Over the years, Victor and later, RCA used the names "Victrola" and
"Electrola" sort of interchangeably. I think that they realized in the
thirties and forties that "Victrola" was such a widely known name, that it
became generic, like "Frigidaire" was for tht family ice box. RCA bought
Victor in 1929, and the first phono combinations were "Victor Radio with
Electrola". A year or so later, they had a line with "Radio Automatic
Electrola", the idiot record changer that changed only 10 inch records, and
poorly at that. But, on some later phono combinations, and on the
attachment record players, the decal: "RCA Victrola" apeared. They had a
series of record players in 1936, to include the R95, R96 and R99 that
didn't have the Victola name on them, but had the nomenclature on the
service notes. The  later versions of the R93 and R100 attachment players
had the "RCA Victrola" decal on them.   I have one of the R99 players, and
it's called "High Fidelity Electrola" in the service book, but not on the
cabinet anywhere.

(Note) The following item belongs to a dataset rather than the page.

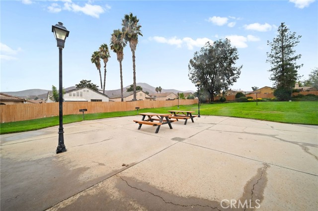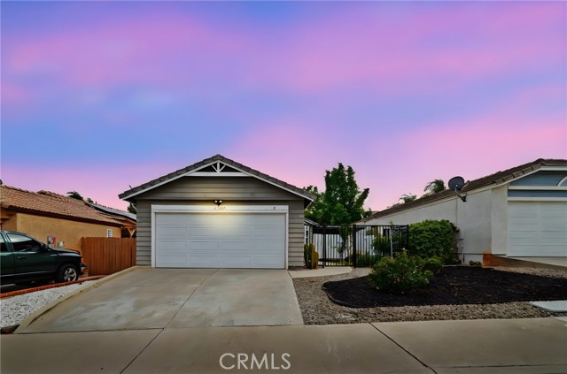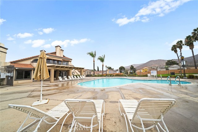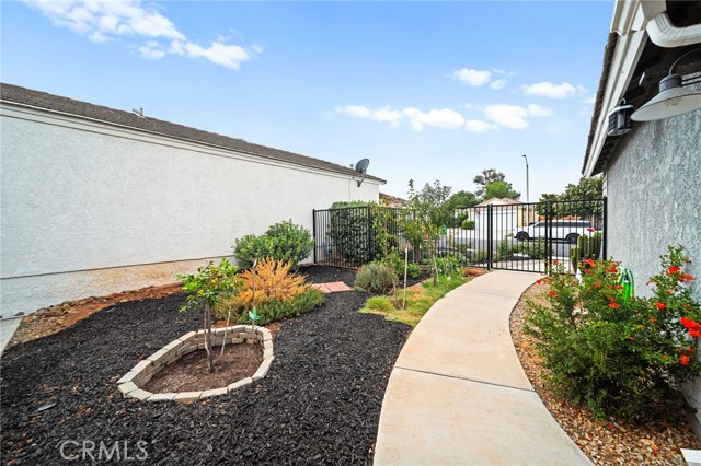 Welcome to 27780 Hillpointe Dr, a charming single-story home located in the heart of Menifee. This 2-bedroom, 2-bathroom residence offers 927 square feet of living space on a spacious 5,227 sq ft lot. From the moment you arrive, you're greeted by a gated front patio and a vibrant garden featuring fruit trees, including pomegranate, cherry, plum, and lemon guava, setting a welcoming tone. Step inside to vaulted ceilings and an open living area filled with natural light. The kitchen flows seamlessly into the living room and features a gas range, tile countertops, and an updated sink, perfect for casual entertaining or cozy nights in. The primary bedroom includes its own ensuite bathroom with a shower, while the secondary bedroom is adjacent to a full bath with a new toilet and a shower/tub combo. A convenient indoor washer and dryer setup adds to the home's functional layout. Out back, enjoy your own private retreat with a pergola-covered patio, grassy area, peach tree, cozy brick firepit, and seating area ideal for relaxing evenings or weekend gatherings. Additional upgrades include brand-new windows and a new sliding glass door that opens to the backyard. Just a short walk away, enjoy access to the community pool and park. Situated in the growing city of Menifee, this home offers a lifestyle that blends comfort, community, and convenience. With new shopping centers, schools, and easy freeway access nearby, Menifee continues to expand while still offering a relaxed suburban feel. Whether you're a first-time buyer or looking to downsize, this home is a wonderful opportunity to settle into a welcoming neighborhood with room to grow and enjoy.

Just checked the RCA 1942 model V-225 with the over-under
changer,  and it has the "RCA Victrola" decal on it.   It's one of those
things you can't write any rules about!


> [Original Message]
> From: <[email protected]>
> To: <[email protected]>
> Date: 8/12/2006 11:41:20 PM
> Subject: Re: [Phono-L] Victrola usage on RCA products
>
> There was the little RCA "R100 Victrola Attachment" of 1939, a single
play  
> turntable that plugged into a radio.